Start of RAW DATA

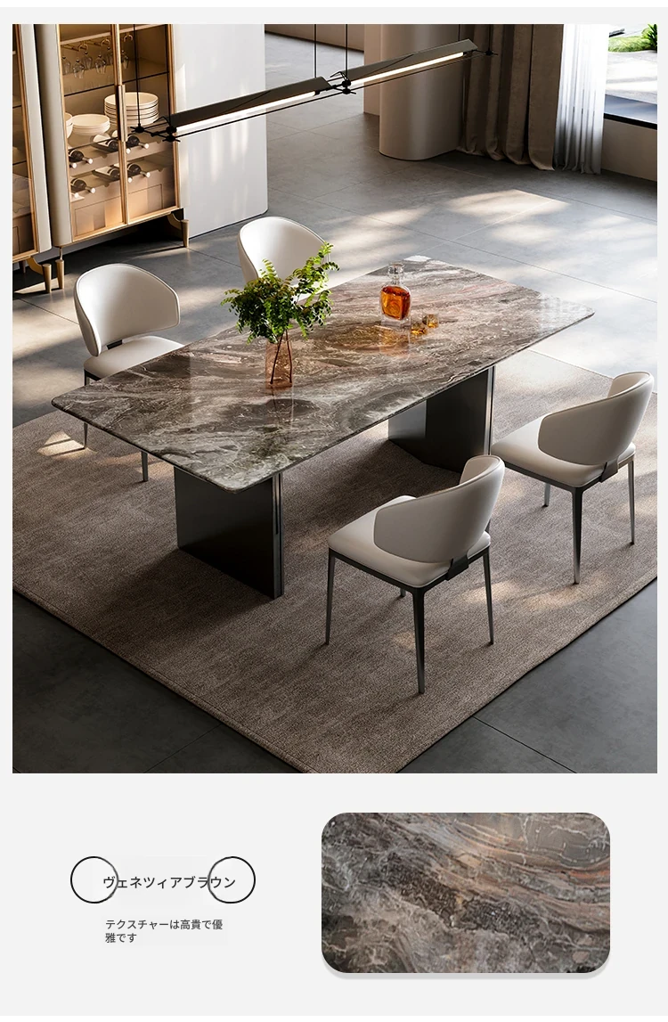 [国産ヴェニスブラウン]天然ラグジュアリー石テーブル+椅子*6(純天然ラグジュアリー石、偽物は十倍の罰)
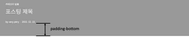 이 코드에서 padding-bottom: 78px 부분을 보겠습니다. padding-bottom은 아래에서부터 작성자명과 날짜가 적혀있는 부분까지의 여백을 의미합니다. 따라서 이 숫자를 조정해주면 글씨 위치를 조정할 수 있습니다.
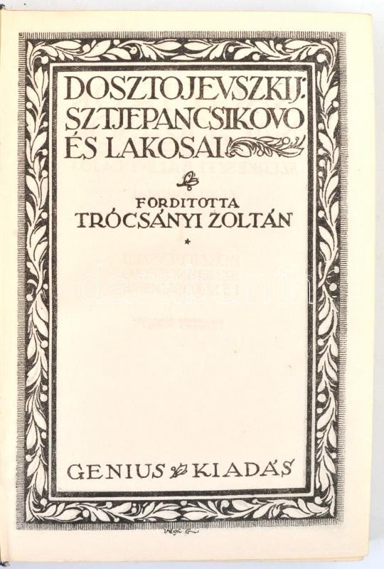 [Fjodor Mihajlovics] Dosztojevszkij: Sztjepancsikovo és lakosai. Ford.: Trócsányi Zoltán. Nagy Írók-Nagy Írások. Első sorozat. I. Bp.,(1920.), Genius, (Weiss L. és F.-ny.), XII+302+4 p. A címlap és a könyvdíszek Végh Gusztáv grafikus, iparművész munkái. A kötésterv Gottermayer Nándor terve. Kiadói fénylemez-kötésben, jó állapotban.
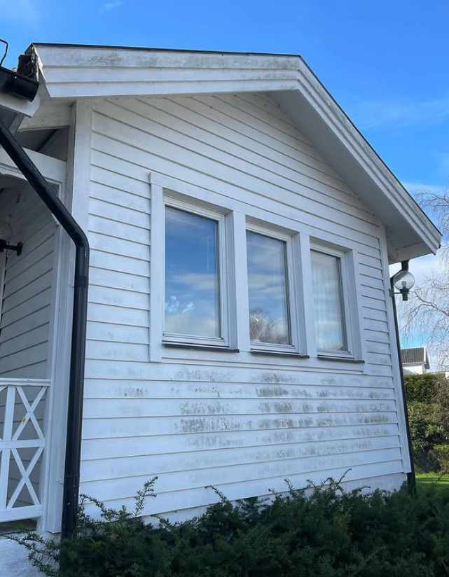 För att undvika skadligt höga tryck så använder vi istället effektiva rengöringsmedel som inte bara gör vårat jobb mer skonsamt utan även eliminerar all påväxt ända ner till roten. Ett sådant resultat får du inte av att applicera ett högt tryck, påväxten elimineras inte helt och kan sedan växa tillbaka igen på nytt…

End of RAW DATA

» **WHAT YOU HAVE TO DO**: Give again, exactly, each line from the one that contains "이 코드에서 padding-bottom: 78px" through the last line of the material above. Pictures do not belong in the copy.

» **TASK RESULT**:
 이 코드에서 padding-bottom: 78px 부분을 보겠습니다. padding-bottom은 아래에서부터 작성자명과 날짜가 적혀있는 부분까지의 여백을 의미합니다. 따라서 이 숫자를 조정해주면 글씨 위치를 조정할 수 있습니다.
 [Fjodor Mihajlovics] Dosztojevszkij: Sztjepancsikovo és lakosai. Ford.: Trócsányi Zoltán. Nagy Írók-Nagy Írások. Első sorozat. I. Bp.,(1920.), Genius, (Weiss L. és F.-ny.), XII+302+4 p. A címlap és a könyvdíszek Végh Gusztáv grafikus, iparművész munkái. A kötésterv Gottermayer Nándor terve. Kiadói fénylemez-kötésben, jó állapotban.
 För att undvika skadligt höga tryck så använder vi istället effektiva rengöringsmedel som inte bara gör vårat jobb mer skonsamt utan även eliminerar all påväxt ända ner till roten. Ett sådant resultat får du inte av att applicera ett högt tryck, påväxten elimineras inte helt och kan sedan växa tillbaka igen på nytt…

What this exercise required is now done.